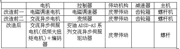 本方案是改造一台生产比较早的老式螺杆挤出机,1000多转的额定转速,却长期工作在100多转,电机性能达不到最佳状态,为了满足工况要求不得不加大电机选型增加了能耗。另外,效率也较低,造成很大的浪费,加工的产品质量也不高。而改造后,由于采用了低频大转矩电机与伺服控制器,使电机工作于最佳状况,不但降低了能耗,也提高了螺杆机的效率,提高了所加工的产品质量。
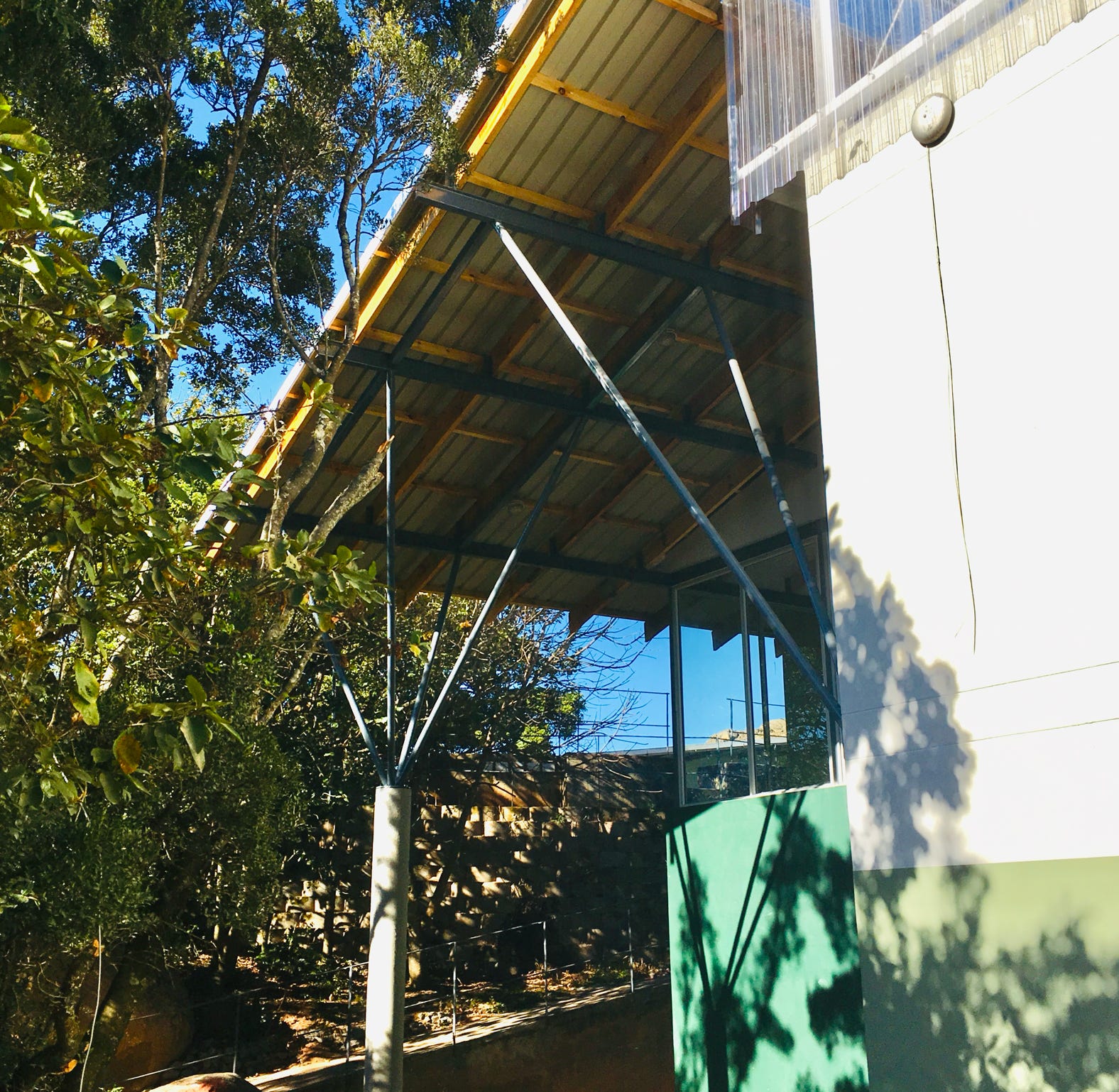 The existing tubular steel triangular trusses are retained with additional framing to carry the new elevated roof. Clear poly carbonate clerestory glazing surrounds the perimeter of the hall. The hall is one of the major campus facilities
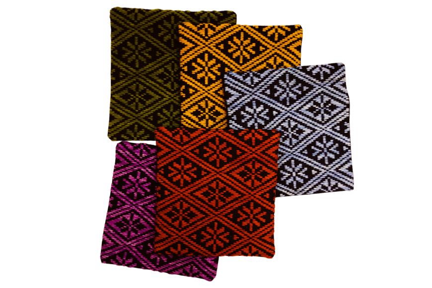 青森県で南部菱刺しで伝統工芸士として登録されているうちの一人が、便利になったこの時代に、少しずつ形を変えながらも温もりある手仕事として作成した南部菱刺しを施したコースター5枚セット。
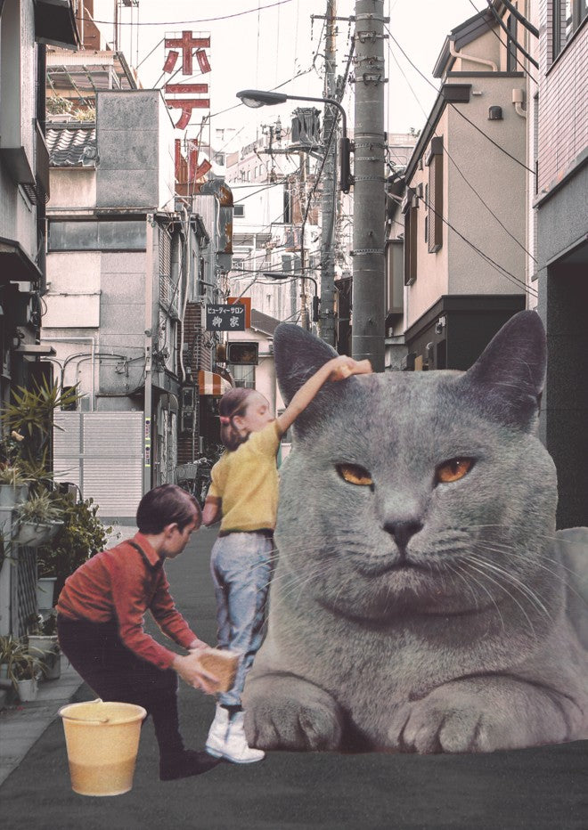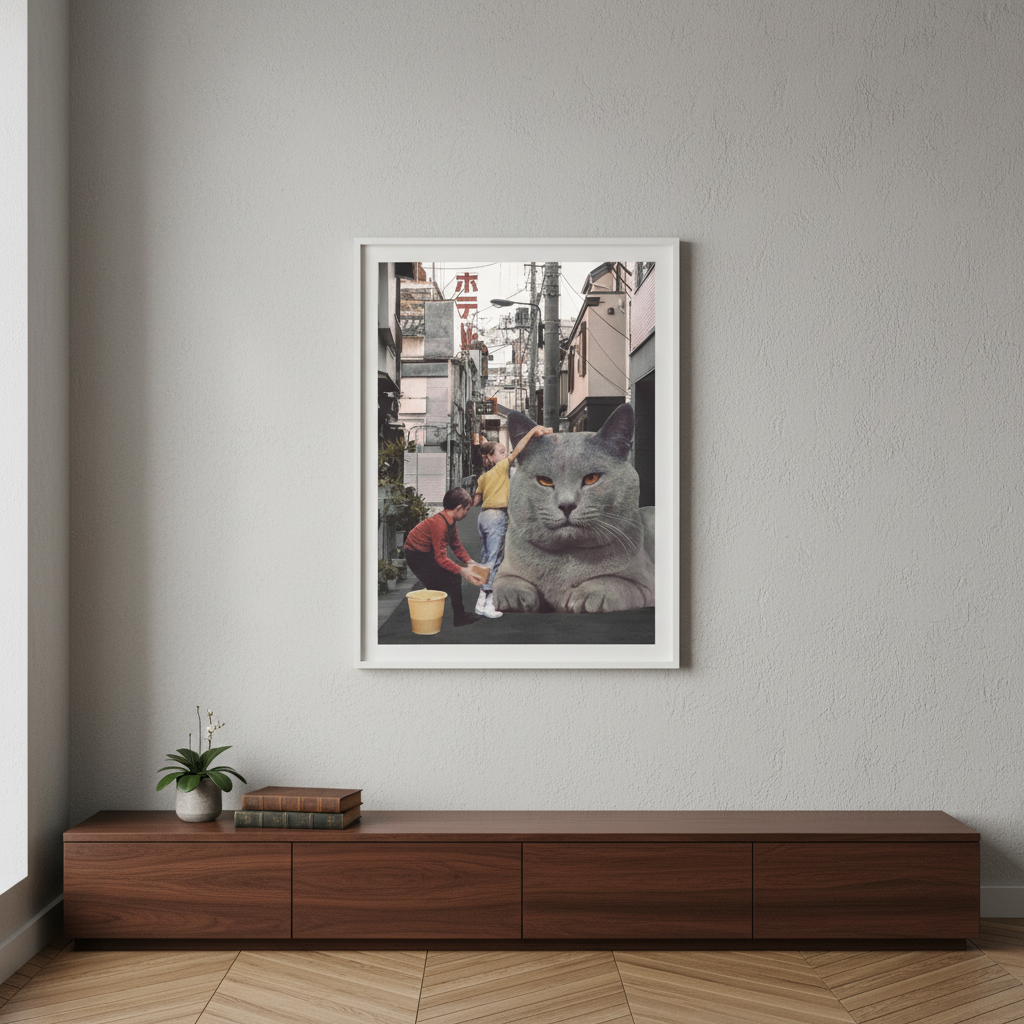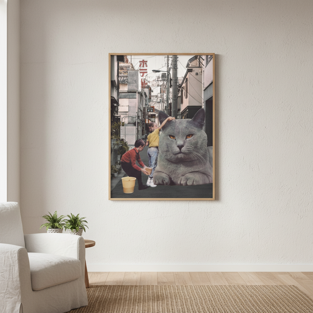 Discover the whimsical charm of this delightful artwork featuring two children gleefully washing an oversized feline friend amidst the bustling Tokyo streets. Created by artist Florent Bodart, this playful piece captures a moment of pure joy and imagination, blending urban energy with childlike wonder. Perfect for adding a touch of quirky humour and artistic flair to any space, this print celebrates the magic that happens when creativity meets everyday city life. A conversation starter that brings smiles to both kids and adults alike.
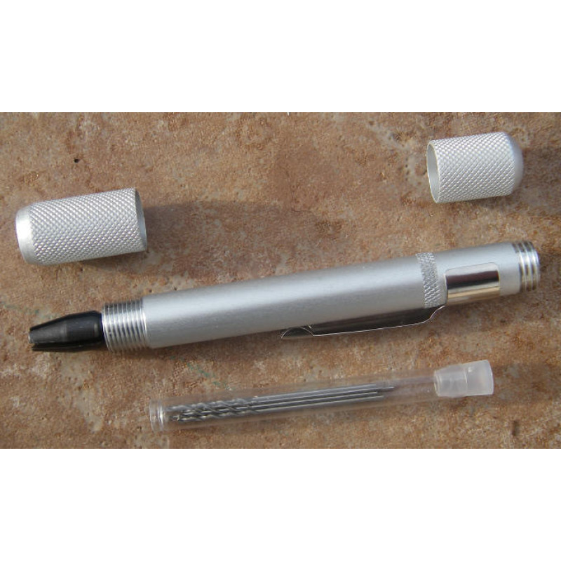 Vrtáky ve schráně uvnitř vrtačky nejsou volně nasypané, ale jsou uloženy v plastové tubě. Tím pádem se jich ovšem dovnitř vejde podstatně méně než u předchozího typu. Šest vybraných vrtáků je k vrtačce přiloženo z výroby, do schránky se jich může vejít i více, záleží na průměru. Schránka se uzavírá šroubovacím víčkem.
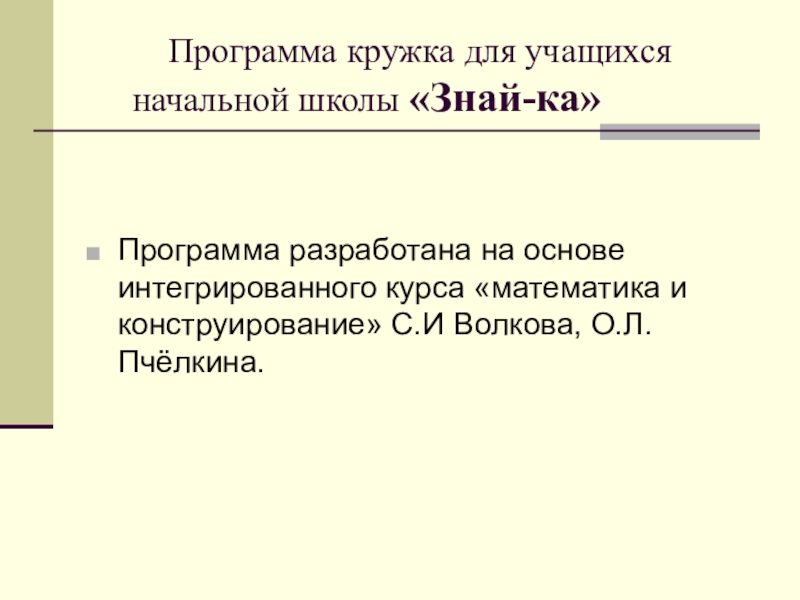 Программа разработана на основе интегрированного курса «математика и конструирование» С.И Волкова, О.Л. Пчёлкина.
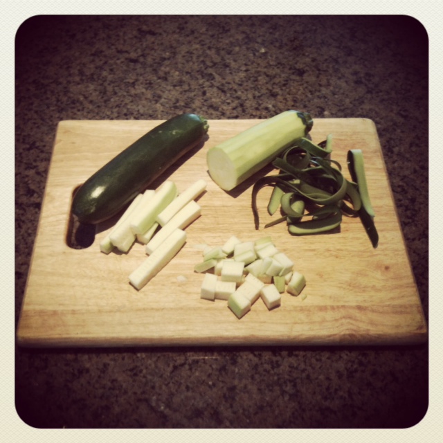 Peel the zucchinis first. Then, I find it easiest to cut them into sticks and make cubes from the sticks.

The task: Copy every record exactly, but skip the pictures.

Answer for the task:
 本方案是改造一台生产比较早的老式螺杆挤出机,1000多转的额定转速,却长期工作在100多转,电机性能达不到最佳状态,为了满足工况要求不得不加大电机选型增加了能耗。另外,效率也较低,造成很大的浪费,加工的产品质量也不高。而改造后,由于采用了低频大转矩电机与伺服控制器,使电机工作于最佳状况,不但降低了能耗,也提高了螺杆机的效率,提高了所加工的产品质量。
 The existing tubular steel triangular trusses are retained with additional framing to carry the new elevated roof. Clear poly carbonate clerestory glazing surrounds the perimeter of the hall. The hall is one of the major campus facilities
 青森県で南部菱刺しで伝統工芸士として登録されているうちの一人が、便利になったこの時代に、少しずつ形を変えながらも温もりある手仕事として作成した南部菱刺しを施したコースター5枚セット。
 Discover the whimsical charm of this delightful artwork featuring two children gleefully washing an oversized feline friend amidst the bustling Tokyo streets. Created by artist Florent Bodart, this playful piece captures a moment of pure joy and imagination, blending urban energy with childlike wonder. Perfect for adding a touch of quirky humour and artistic flair to any space, this print celebrates the magic that happens when creativity meets everyday city life. A conversation starter that brings smiles to both kids and adults alike.
 Vrtáky ve schráně uvnitř vrtačky nejsou volně nasypané, ale jsou uloženy v plastové tubě. Tím pádem se jich ovšem dovnitř vejde podstatně méně než u předchozího typu. Šest vybraných vrtáků je k vrtačce přiloženo z výroby, do schránky se jich může vejít i více, záleží na průměru. Schránka se uzavírá šroubovacím víčkem.
 Программа разработана на основе интегрированного курса «математика и конструирование» С.И Волкова, О.Л. Пчёлкина.
 Peel the zucchinis first. Then, I find it easiest to cut them into sticks and make cubes from the sticks.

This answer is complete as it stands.